Lotar nie mógł się nie zgodzić z tym faktem, tym bardziej że ta część zbroi idealnia leżała na jego chorej ręce. Najemnikowi przyszła nawet myśl, że to urządzenie zostało stworzone jakby dla niego.

- Niewiarygodne - powiedział Lotar po chwili potrzebnej na otrząśniecie się z zaskoczenia. - Czyli żeby ściągnąć, należy odkręcić lekko ten kolec? - spytał.

-Tak.

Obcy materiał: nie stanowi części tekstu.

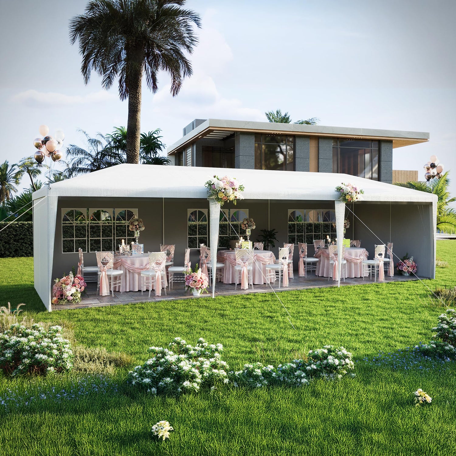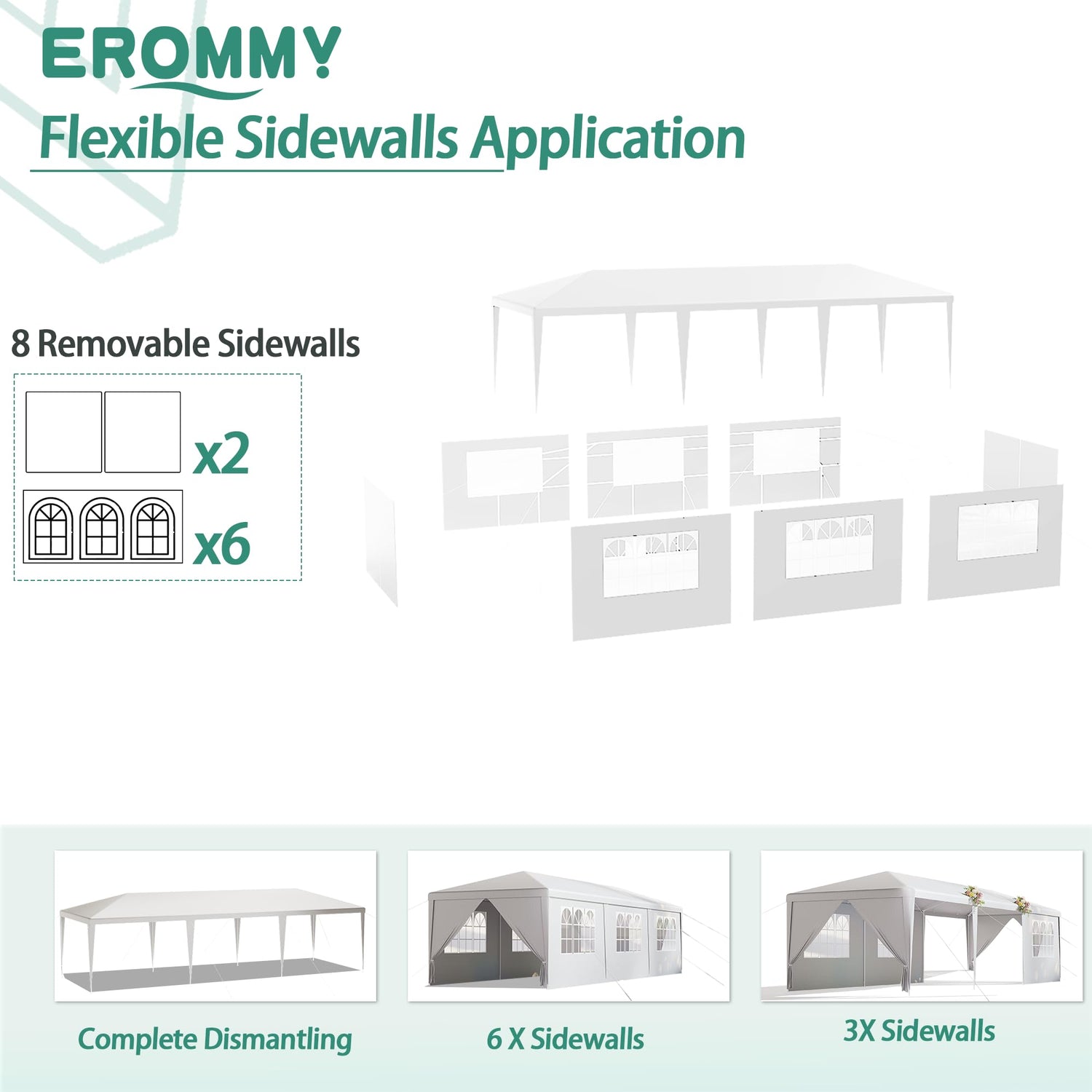 EROMMY 10x30FT Outdoor Party Tent, White Waterproof Event Canopy with 6 Removable Sidewalls & 2 Zipper Doors for Wedding, Birthday, BBQ, and Holiday Celebrations

Drugi kolec również się przekręca, jeśli chcemy mieć bardziej elastyczny ruch palcami. By nie były one tak sztywne..- wyjaśnił kupiec.

- Czy w ramach uwieńczenia udanych interesów pozwolisz się zaprosić na coś do picia? - spytał Lotar. - Wszak mówiłeś, że wyschłeś już niemal na wiór. I pewnie zjadłbyś coś dobrego. Przy okazji opowiesz mi nieco o swoim kraju. I o tym, dlaczego twój pracodawca tak cię traktuje. A w ogóle... Czemu handlujecie tutaj, zamiast popłynąć w bardziej otwarte na handel rejony?

Młodzieniec uśmiechnął się i przytaknął. Zaproponował spotkanie za dwie, trzy godziny w karczmie “Czarny róg”, gdzie z chęcią postawi Lotarowi coś do picia. Teraz on musi powoli zwinąć rzeczy, i zdać raport swojemu przełożonemu.